The challenge’s central drama saw Matthew Stowe get a bit of kitchen comeuppance. As the café group plated their dishes at Senses, Nicole Gomes fell behind and cried out for a little last-minute help from her brothers-in-arms. Dan Hudson and Jonathan Goodyear both obliged, leaving Stowe, the winner of the first two eliminations, standing sullenly in the corner. “I travelled across the country to be here,” he explained to the confessional cam. “I’m away from my wife and my son—and I’m not here to help other people beat me.” You know what happened next, of course. Nicole beat him and all the other chefs with a plate of fresh pappardelle and mushrooms that the judges couldn’t praise highly enough for its balance and simplicity (even if it wasn’t overly inventive).

Clement Chan’s misguided duck ravioli (Image: Top Chef Canada)
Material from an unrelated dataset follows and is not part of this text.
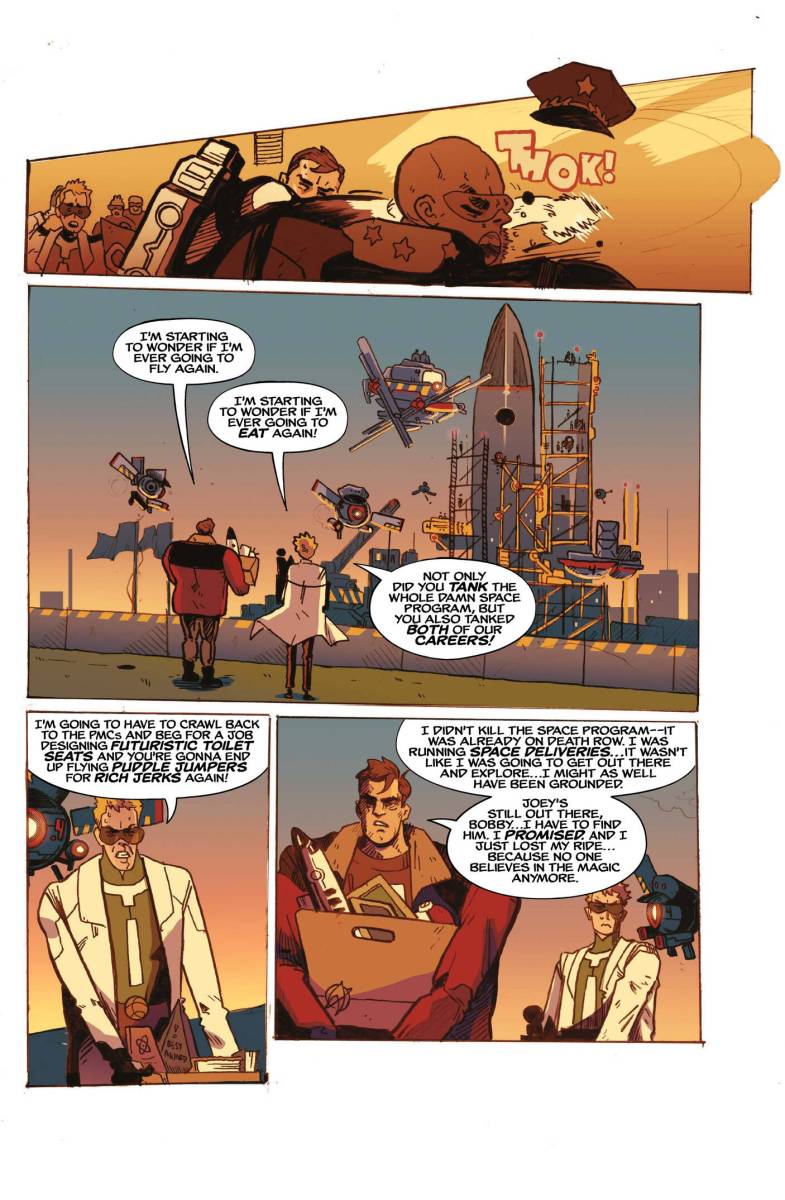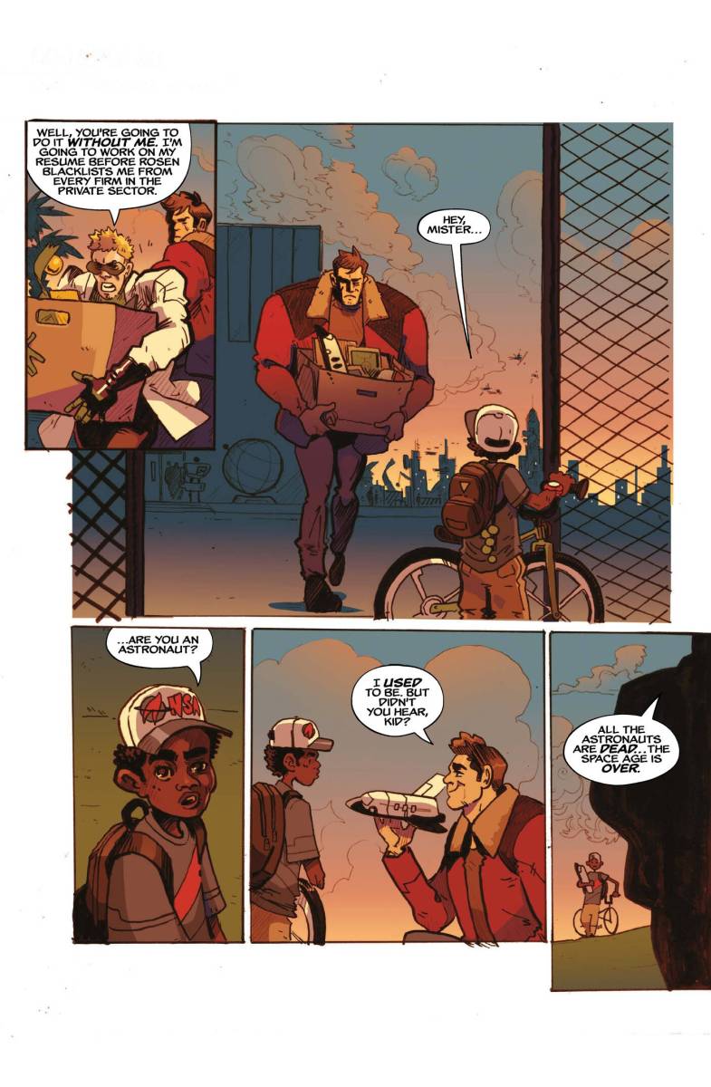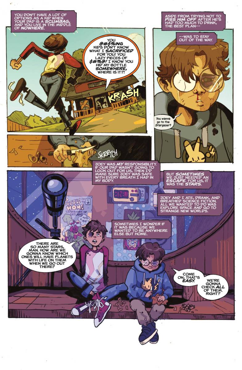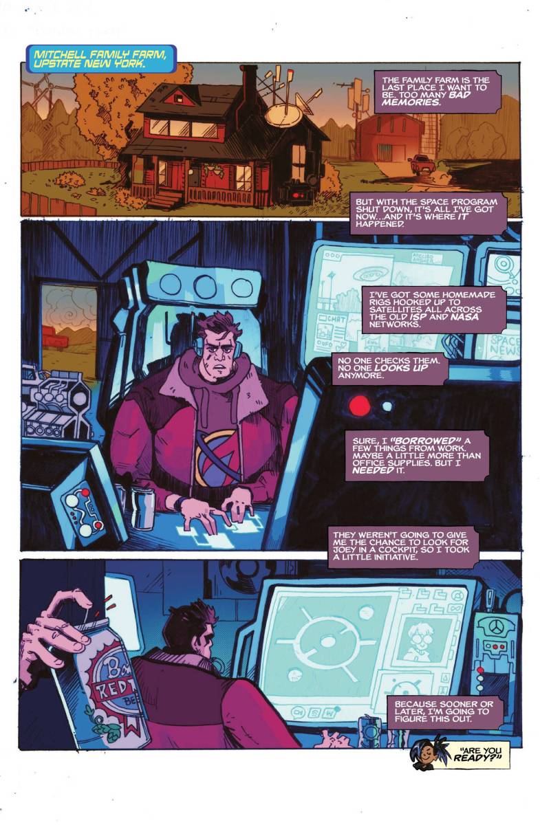 The New Space Age #1 (2025) : Disgraced astronaut Mark Mitchell has only ever had one true mission — to find his little brother Joey, who was abducted by aliens from a crop circle when they were little. But when Mark’s hotshot piloting gets him grounded and the last of the public space program defunded, Mark loses his only means of finding Joey out in space. Until Mark’s homemade scanning rig discovers the shocking truth about the crop circles — they’re instructions for space travel. Mark will need to uncover the hidden messages that have been left on Earth for years, and reverse engineer the magic that can finally help him find Joey.

The three chefs at the bottom all seemed to misunderstand the challenge. For his café dish, Dan served a slow-cooked chicken and potato hash with a fried duck egg on top—perfect haute-diner food, maybe, not really right for a business hotel’s café menu (his old boss Boulud nailed it: “I could have produced the same for the staff meal”). Kayla Dhaliwall found herself on the bottom again, this time for a badly cooked braised lamb with Israeli couscous that really wasn’t elegant enough for the Senses dinner menu (it also had slices of nearly-raw garlic, which produced a range of disgusted faces from the judges). The only reason Kayla wasn’t sent home: Clement Chan somehow thought that it would be a good idea to serve a fussy plate of pasta (see right) as bar food. His duck-filled and orange-sauced ravioli was pronounced gimmicky and confused, and the polite food trucker was sent back home to his rig in Vancouver.

Next time on Top Chef Canada

The chefs cook for a roller derby (just like on episode eight of the U.S. Top Chef!) and Becky can’t get no respect.